Incidence rates of hip fracture were measured in two separate periods with the objective of improving reliability in the analysis of trends and ascertain development at the end of a 10-year period. This also avoids the influence of years that show exceptional trends, as happened with the standardized rate in the years 1997–2000 in both male and female groups. We have insufficient data to properly assess if the change in trends in those years is due to a transient change or other factors affecting the register of hip fractures.

When comparing both periods, crude incidence rate shows a remarkable increase in the second period. An average annual growth rate of 2.3 % is shown in men and 1.4 % in women. When population adjusted, there is a 3.7 % increase in men in the period (0.4 % average yearly), whereas women show a drop of 1.9 % (0.2 % average yearly).

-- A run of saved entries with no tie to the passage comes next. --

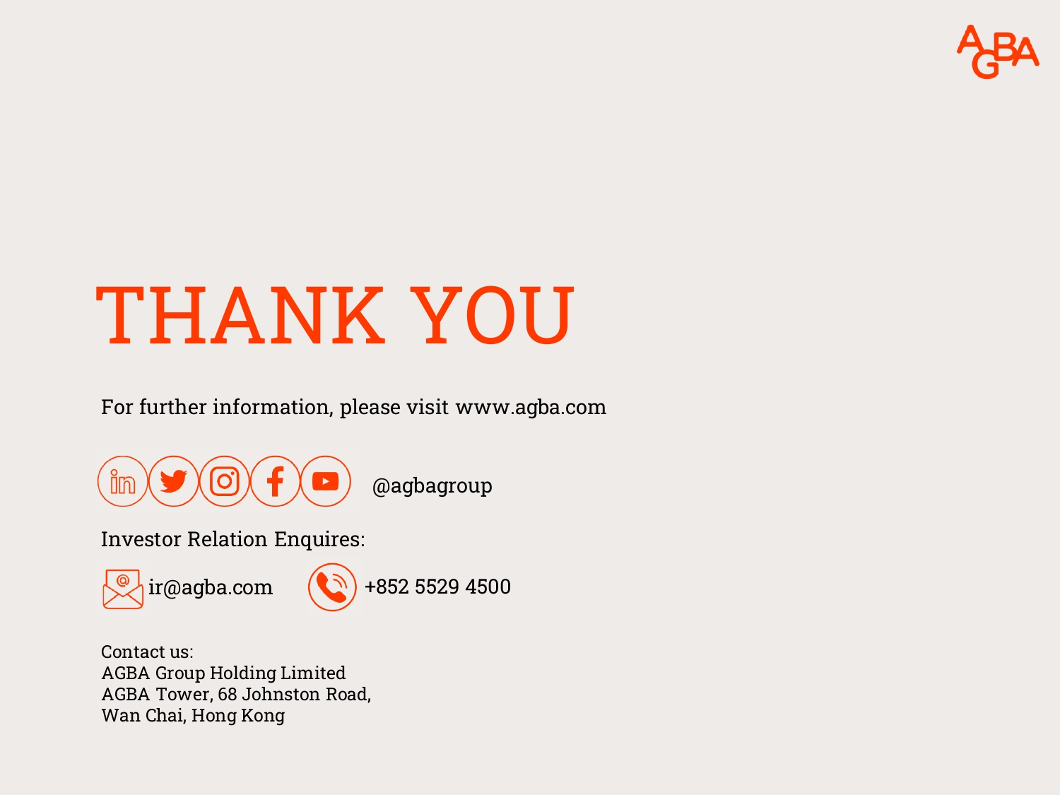 THANK YOU For further information, please visit www.agba.com Investor Relation Enquires: @agbagroup ir@agba.com +852 5529 4500 Contact us: AGBA Group Holding Limited AGBA Tower, 68 Johnston Road, Wan Chai, Hong Kong
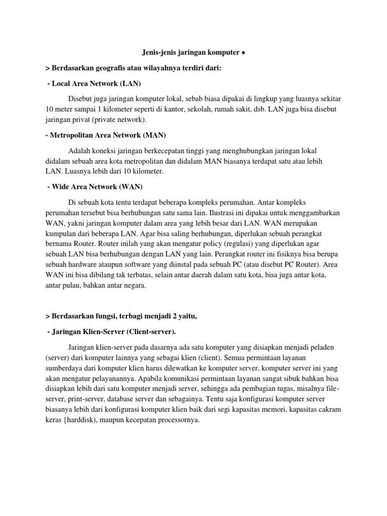 Jenis-jenis jaringan komputer •
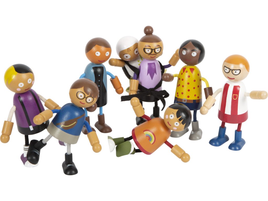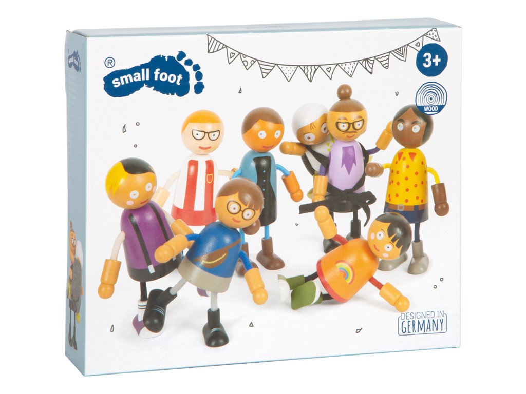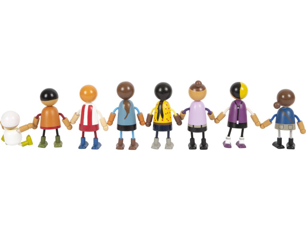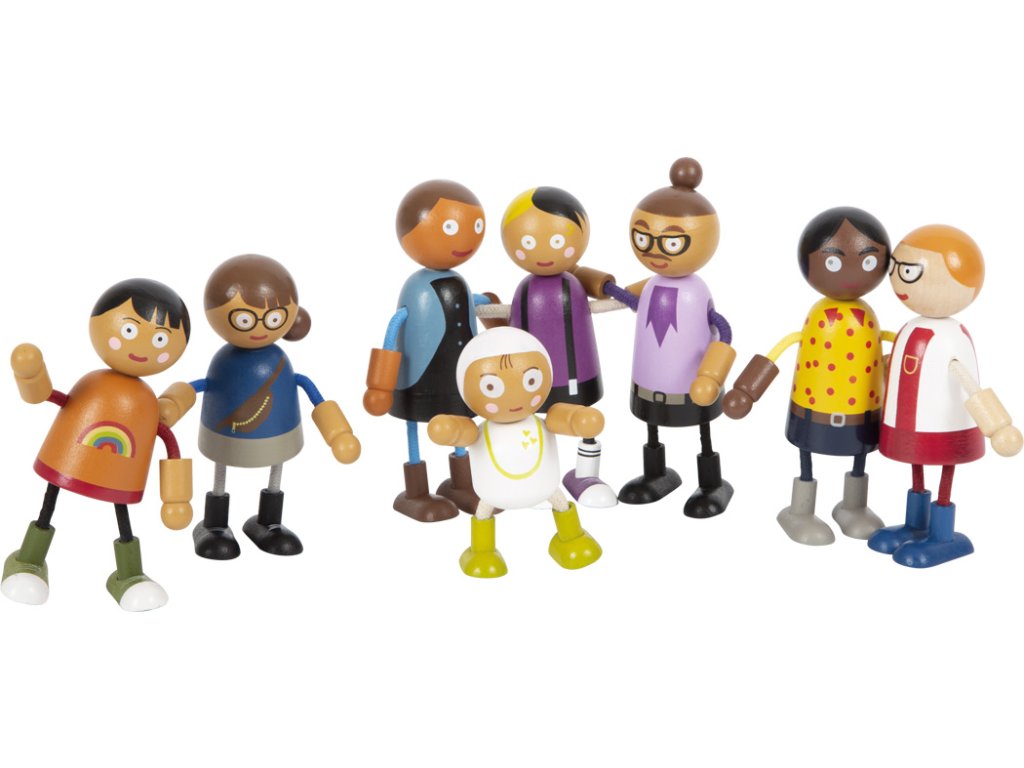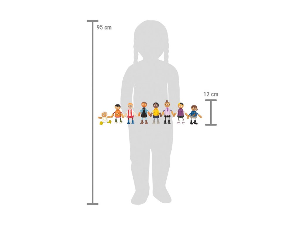 Tato velká rodina dřevěných ohýbacích panenek je vhodná do každého domečku pro panenky. Skládá se z 8 rodinných příslušníků různého pohlaví a věku. Ohýbací panenky mají hlavu a tělo vyrobenou z masivního dřeva, zatímco jejich ruce a nohy jsou textilní, ohebné. Dva páry rodičů, tři děti a miminko v nosítku, které lze připevnit k ostatním ohýbacím panenkám, nabízejí spoustu různých herních možností. Aktivní hraní rolí učí děti zábavnou formou, jak rozmanitý může být životní styl. Hraní rolí podporuje rozvoj identifikace, komunikace, představivosti a sociálních i emocionálních dovedností. Ohýbací panenky jsou svou velikostí snadno uchopitelné pro malé dětské ručičky. Ideální doplněk k městské vile s domečkem pro panenky (11802) kompaktní městské vile (12277). Hlavní vlastnosti: 8členná flexibilní rodinka panenek podporuje představivost, kreativitu a sociální dovednostirealistická zábava díky ohebným pažím a nohámflexibilní, robustní s bohatými detailyvelikost figurky je snadno uchopitelná pro dětské ruce

The trend of hip fracture according to age groups and gender is clearly downward in women 65 to 80 years old. The 80–84-year-old group has remained more or less the same. However, there is a significant increase in the 85-year-old groups. Moreover, the differences between the oldest and the youngest groups are rising in men from 3.3-fold to sixfold from 1997 to 2010. Nonetheless, in women, they decrease from eightfold to twofold. These changes may be due to population variations.

In men, between 80 and 84 years old and in those of 85 years old or more incidences rise markedly by 10 and 7.2 %, respectively. The drop in the incidence in the younger groups, especially in women, has also been observed in other recent studies and it comes together with a rise in the average age of hip fracture [28]. Nonetheless, our results differ from other studies published in Spain. The reasons for a different incidence rate may be either a shorter studied period [15] or data coming from a different data source or just studying one region [22, 23].

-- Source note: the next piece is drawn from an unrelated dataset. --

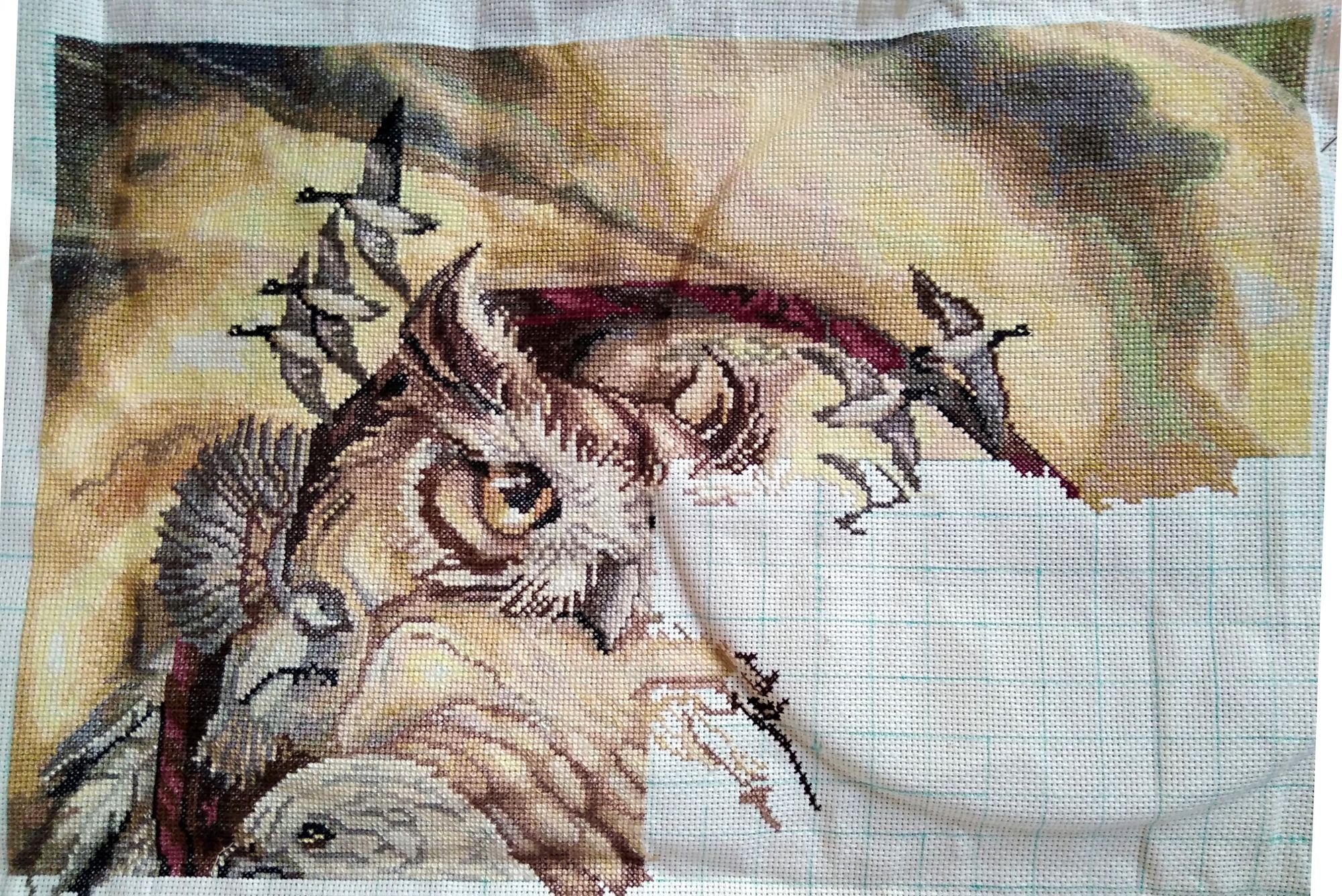 17 апреля 2020 15 часов назад, Egelia сказал(а): Какое хорошее продвижение. И как же красиво. Совиный взгляд обалденный. Валя, спасибо большое! 1 час назад, apanjul сказал(а): Как же мне нравятся эти переходы! Шикарно! Юляшек, спасибо! 1 час назад, apanjul сказал(а): Спасибо за воспоминания) Обращайтесь) Ещё чего-нибудь вспомним)) Всем привет! Я сегодня закончила подпольный процесс по бесплатной схеме Виктории Ивченко https://www.stitch.su/ivchenko_viktoria/14869 Я вообще очень плохо знаю нашу базу схем, а тут смотрела и выделила для себя несколько бесплатных)) И так меня эта лиса зацепила, что я её начала чуть не в тот же самый день в пятницу 13 марта. Канву взяла красивого морковного цвета, когда-то мне Юля @Ponochka дарила. Юля, привет!14 каунт (дизайнер рекомендует 16-й, но я не представляю, как на нём выводить клочки несчётного бэка). Из более плотных материалов ничего по цвету не понравилось, а ждать в таких случаях я не умею)) Бэк пробовала в одну нить - его совсем не видно на рыхлой канве, в две - на длинных протяжках расслаивается. Я всё хочу попробовать нить Гутерманн, наверное, она бы подошла. Взяла в итоге свою любимую шерсть в одну нить тёмно-коричневого цвета. Бэк, кстати, на 85% несчётный Я местами сильно путалась, хоть и старалась придерживаться всех "несчётностей". Особенно меня подкосили длиннные узкие листья выше передних лап, почему-то у меня их получилось гораздо больше Выпарывать не стала, потому что с шерстью это ничем хорошим не заканчивается. Надолго откладывала, а закончила буквально за два дня вчера и сегодня. Французы мне удаются один из ста, а на этой буквально сетчатой канве они не затягивались, а если затягивались, то проваливались со свистом на обратную сторону. Бисера у меня в запасах нет, и я не уверена, что можно его красиво пришить на такую слабую основу. Так что итоговые фото без французов(( Ивченко Виктория #14869 Лисья весна. Размер 106х142 крестика, 1 цвет ВСЁ!! Цвета гуляют, сегодня темно, как вечером, снимала глаженое с использованием всего света, что есть в наличии(( Канва ещё и слиняла, так что, возможно, стала посветлее. P.S. Название меня слегка напрягает( моя папка с фото называется "Весенняя лиса") apanjul, Каори, Хозяйка смешных зверей и 29 других сказали спасибо Поделиться сообщением Ссылка на сообщение

Another innovative approach of the present study is the analysis of mortality rate and that takes into account the increase in the percentage of elderly people in the same period. In the period studied, the mortality rate dropped remarkably in men and women (22.4 and 22.3 %). The percentage of people 75 years old or more is higher in the second period, 30.1 % in men, and 25.2 % in women. These two factors contribute to the aging of the population and as a result to the rise in the crude hip fracture incidence in men 80 years old or more and women 84 years old or more.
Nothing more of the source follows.